Indes, (Compagnie Hollandoise des.) Commerce. Il y a en Hollande deux Compagnies des Indes, l'orientale & l'occidentale, dont je vais parler en peu de mots, bien fâché de ne pouvoir m'étendre.

De la Compagnie orientale. Le desespoir & la vengeance, dit M. Savary, & il dit bien vrai, furent les premiers guides qui apprirent le chemin des Indes aux Hollandois, cette nation née pour le commerce. L'Espagne leur ayant fermé tous ses ports, & sous le prétexte de la religion, les persécutant avec une rigueur, pour ne pas dire avec une barbarie extrème, ils entreprirent en 1595 d'aller chercher en Asie le commerce libre & assuré qu'on leur refusoit en Europe, afin d'acquérir des fonds pour entretenir leurs armées, & maintenir leurs privileges & leur liberté.

La nécessité inspira en 1594 à quelques Zélandois encouragés par le P. Maurice, le projet de se frayer une nouvelle route pour la Chine & les Indes orientales par le nord - est, comme on vient de le tenter tout récemment avec quelque vraissemblance de succès; mais d'un côté les froids extrèmes de la nouvelle Zemble, & de l'autre les glaces impénétrables du détroit de Weigatz, ruinerent & rebuterent les escadres qui y furent alors envoyées, de même qu'elles rebuterent les Anglois qui dès l'an 1553 avoient travaillé à la même recherche.

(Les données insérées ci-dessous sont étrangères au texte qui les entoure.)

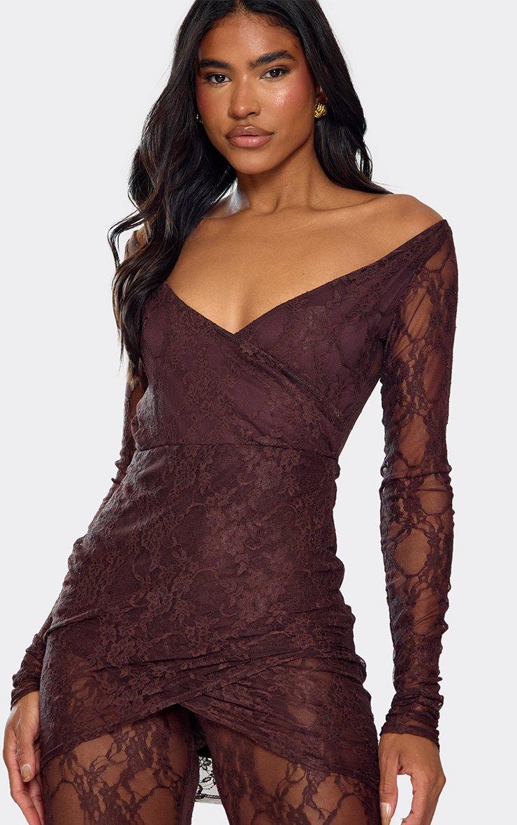 Off The Shoulder Plunge Wrap Detail Jumpsuit In Chocolate Brown Lace

Cependant, tandis que les armateurs de Zélande tentoient inutilement & malheureusement ce passage, d'autres compagnies prirent avec succès en 1595 la route ordinaire des Portugais, pour se rendre en Asie. Cette derniere entreprise fut si heureuse, qu'en moins de sept ans divers particuliers armerent jusqu'à dix ou douze flottes qui presque toutes retournerent avec des profits immenses.

Les états généraux appréhendant que ces diverses compagnies particulieres ne se nuisissent, leurs directeurs furent assemblés, & consentirent à l'union, dont le traité fut confirmé par leurs H. P. le 20 Mars 1602, époque bien remarquable, puisqu'elle est celle du plus célebre, du plus durable, & du plus solide établissement de commerce qui ait jamais été fait dans le monde.

Le premier fonds de cette compagnie fut de 6 millions 600 mille florins (environ 13 millions 920 mille livres de notre monnoie) & les états généraux lui accorderent un octroi ou concession exclusive pour 21 ans. Par cet octroi déjà renouvellé cinq fois (en 1741), & qui coûte à chaque renouvellement environ 2 millions de florins à la compagnie, elle a droit de contracter des alliances, de bâtir des forteresses, d'y mettre des gouverneurs & garnisons, des officiers de justice & de police, en faisant néanmoins les traités au nom de leurs H. P. auquel nom se prêtent aussi les sermens des officiers tant de guerre que de justice. Soixante directeurs partagés en diverses chambres, font la régie de la compagnie, & l'on sait qu'il n'est rien de plus sage & de plus prudemment concerté que la police & la discipline avec laquelle tout y est réglé.

Les Hollandois, après avoir été quelque tems sur la défensive, attaquerent au fond de l'Asie ces mêmes maîtres qui jouissoient alors des découvertes des Portugais, les vainquirent, les chasserent, & devinrent en moins de 60 ans les souverains de l'orient. La compagnie formée en 1602 gagnoit déjà près de 3 cent pour cent en 1620. Elle a choisi le cap de bonne Espérance pour le lieu des rafraichissemens de ses flottes; elle a établi dans les Indes orientales 40 comptoirs, bâti 25 forteresses, entr'autres en 1619, & pour le centre de son commerce, la ville de Batavia, la plus belle de l'Asie, dans laquelle résident plus de 30 mille Chinois, Javanois, Chalayes, Amboiniens, &c. & où abordent toutes les nations du monde.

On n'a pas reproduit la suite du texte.